= What is needed =
The reply must repeat the listing below exactly and carry none of its pictures.

= Collected data =
*****

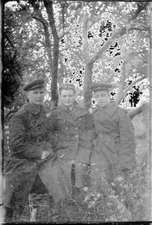 На данный момент, жива моя бабушка. В 2015 ей исполнилось 88! И ее младшая сестра Шурочка (та что на коленках) до нашего города немцы не дошли, остановились под Ельцом, это в 40 км от нас, но город часто бомбили и конечно был голод. В то время дети уже работали, бабушка моя копала окопы (братские могилы), в которые складывали мертвых солдат. И как-то раз, они насобирали себе немецких пуль, их было много раскидано в лесу, красного, зеленого цвета и это их естественно привлекло. Но когда наши солдаты, увидели эту бригаду с отвисшими карманами, быстро ликвидировали у них все и еще долго ругались, ведь взорваться могли!
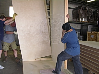 In this set of photos you see our Gorilla engineer cutting back the receiving corner wall panel.
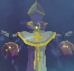 白袍是一个法师选手,可以发射出魔法弹。并且,魔法弹可以无视地形的限制来攻击玩家。然而,这并没有什么卵用。谁让白袍的魔法弹攻击力低下,本身又是个身娇体弱易推到的笑脆皮呢?

*****

= Solution below =
 На данный момент, жива моя бабушка. В 2015 ей исполнилось 88! И ее младшая сестра Шурочка (та что на коленках) до нашего города немцы не дошли, остановились под Ельцом, это в 40 км от нас, но город часто бомбили и конечно был голод. В то время дети уже работали, бабушка моя копала окопы (братские могилы), в которые складывали мертвых солдат. И как-то раз, они насобирали себе немецких пуль, их было много раскидано в лесу, красного, зеленого цвета и это их естественно привлекло. Но когда наши солдаты, увидели эту бригаду с отвисшими карманами, быстро ликвидировали у них все и еще долго ругались, ведь взорваться могли!
 In this set of photos you see our Gorilla engineer cutting back the receiving corner wall panel.
 白袍是一个法师选手,可以发射出魔法弹。并且,魔法弹可以无视地形的限制来攻击玩家。然而,这并没有什么卵用。谁让白袍的魔法弹攻击力低下,本身又是个身娇体弱易推到的笑脆皮呢?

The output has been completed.